Most commonly observed lipid profile abnormality among Lp(a) elevated diabetics was isolated low HDLc level(16pts,57.14%). This finding is contrary to known fact of high triglyceride combined with low HDLc that we commonly observed & expected in Indian type 2 Diabetics. Changes in Lp(a) concentrations relative to glycemic control remain controversial; however, most studies have failed to show any correlation between Lp(a) levels and glycemic control in patients with T2DM.14 In our study, in diabetic patients, Lp(a) was positively correlated with 2hr PPsugar,HbA1c,HsCRP and the correlation was statistically significant. The Lp(a) was negatively correlated with HDLc & this correlation was statistically significant. (p=0.04) Diabetic study population had statistically significant higher HsCRP levels as compared to control cohort & it implies type 2 Diabetics had ongoing low grade inflammation. As we know atherosclerosis is a smouldering thromboinflammatory process and in diabetes there is accelerated atherosclerosis. The association of Lp(a) levels in DM has been a matter of some controversies. The major reasons for the inconsistent results of the prospective studies have been attributed to the variations in study design. Collection and storage of samples, analytical techniques used, and methods used for statistical analysis and population differences reflect the known ethnic variability in the Apo(a) size isoforms and distribution of plasma Lp(a) levels. Our study has got certain limitations like we recruited modest no. of pts, it was a single centre study, we didn’t correlate high value with cardiovascular events, we also didn’t do qualitative estimation of LP(a) considering apo(a) polymorphism.
Conclusion
From the recent literatures, CVD risk in type 2 diabetic patients could be dependent on additional lipid risk factors. Recent studies suggest Lp(a) may be an independent risk factor in type 2 diabetes mellitus patients for the development of cardiovascular disease. Lp(a) may be a new member of metabolic syndrome and it may be useful in routine clinical practice as a biomarker for determining cardiovascular risk.

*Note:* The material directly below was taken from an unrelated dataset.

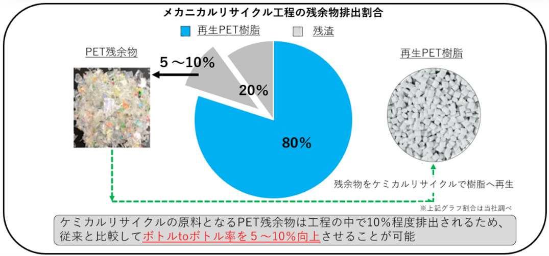 メカニカルリサイクルではリサイクルの工程で約20%の残渣が発生しますが、そのうち5~10%の残余物はペットボトル以外のものへのリサイクルが主となっています。残余物の一部にはペットボトル素材が含まれているため、残余物もペットボトル原料に再生することで、効率的かつ持続的なリサイクルが実現できます。
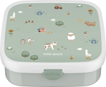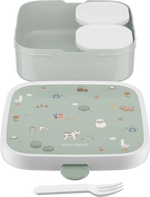 Choose variety with the extra-large lunchbox with Little Farm print, from the Little Dutch collection. Includes removable bento tray and fork. The possibilities for a great children's lunch are endless. Bring along fresh bread and fruit? Or a savoury snack for school? Chunks of cheese, sausage, nuts or dried fruit? Choose, mix and keep it nice and separate. Thanks to the two separate compartments, the bento always keeps everything in the lunchbox deliciously fresh. Prefer just sandwiches? Take out the bento tray and you have plenty of room! Of course, both the lunchbox and the bento boxes can be easily cleaned in the dishwasher after use.

Our study demonstrated,TYPE2 diabetics have higher incidence of Lp(a)level & probably residual lipid risk is mostly contributed by this molecule.Hence every diabetic pt should check their Lp(a) level once in a lifetime for predicting their future cardiovascular events. Lp(a) level measurement should be incorporated in traditional lipid profile parameters. The impact of Lp(a) in T2DM needs to be further investigated by prospective studies with assessment of apo(a) polymorphism.